##### Extracted material #####
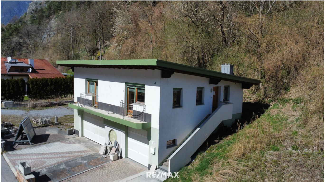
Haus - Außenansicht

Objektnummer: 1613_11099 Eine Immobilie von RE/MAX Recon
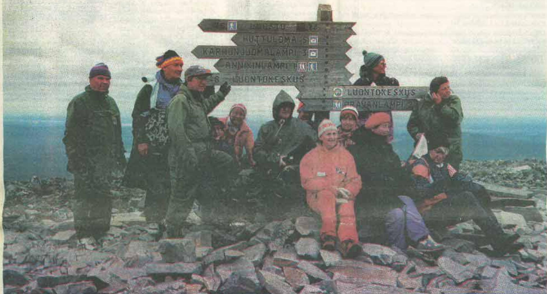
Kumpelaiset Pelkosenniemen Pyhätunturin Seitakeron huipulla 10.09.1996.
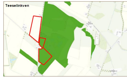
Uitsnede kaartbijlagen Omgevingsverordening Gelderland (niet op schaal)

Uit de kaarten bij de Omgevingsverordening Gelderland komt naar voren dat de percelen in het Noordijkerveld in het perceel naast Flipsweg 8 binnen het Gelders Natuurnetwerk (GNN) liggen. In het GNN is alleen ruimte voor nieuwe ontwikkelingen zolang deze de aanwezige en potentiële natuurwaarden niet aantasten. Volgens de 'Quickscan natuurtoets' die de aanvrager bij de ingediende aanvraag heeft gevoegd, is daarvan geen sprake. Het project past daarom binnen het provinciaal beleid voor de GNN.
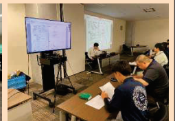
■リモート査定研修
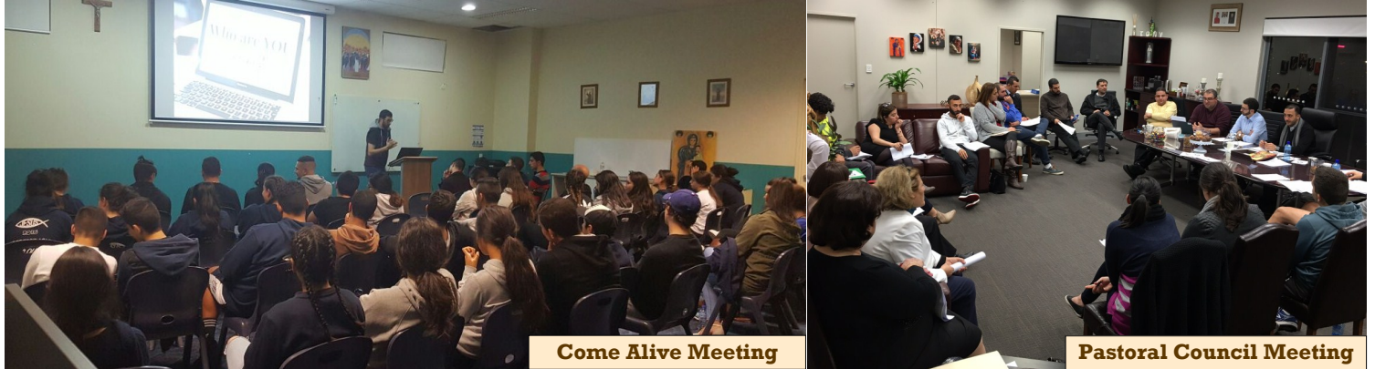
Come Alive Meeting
#####
##### Extracted material #####
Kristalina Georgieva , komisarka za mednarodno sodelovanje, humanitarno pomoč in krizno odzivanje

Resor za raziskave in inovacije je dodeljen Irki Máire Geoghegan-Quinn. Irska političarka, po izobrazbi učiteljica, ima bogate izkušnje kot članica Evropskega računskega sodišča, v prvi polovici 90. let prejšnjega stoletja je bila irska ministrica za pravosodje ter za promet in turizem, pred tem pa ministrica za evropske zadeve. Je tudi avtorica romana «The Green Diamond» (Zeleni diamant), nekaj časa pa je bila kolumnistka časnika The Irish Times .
#####
### Your task
A clean copy is needed of the lines above from the one with "Haus - Außenansicht" up to and including the one with "Uitsnede kaartbijlagen Omgevingsverordening". Please set it down exactly, with no pictures.

### Response area
Haus - Außenansicht

Objektnummer: 1613_11099 Eine Immobilie von RE/MAX Recon
Kumpelaiset Pelkosenniemen Pyhätunturin Seitakeron huipulla 10.09.1996.
Uitsnede kaartbijlagen Omgevingsverordening Gelderland (niet op schaal)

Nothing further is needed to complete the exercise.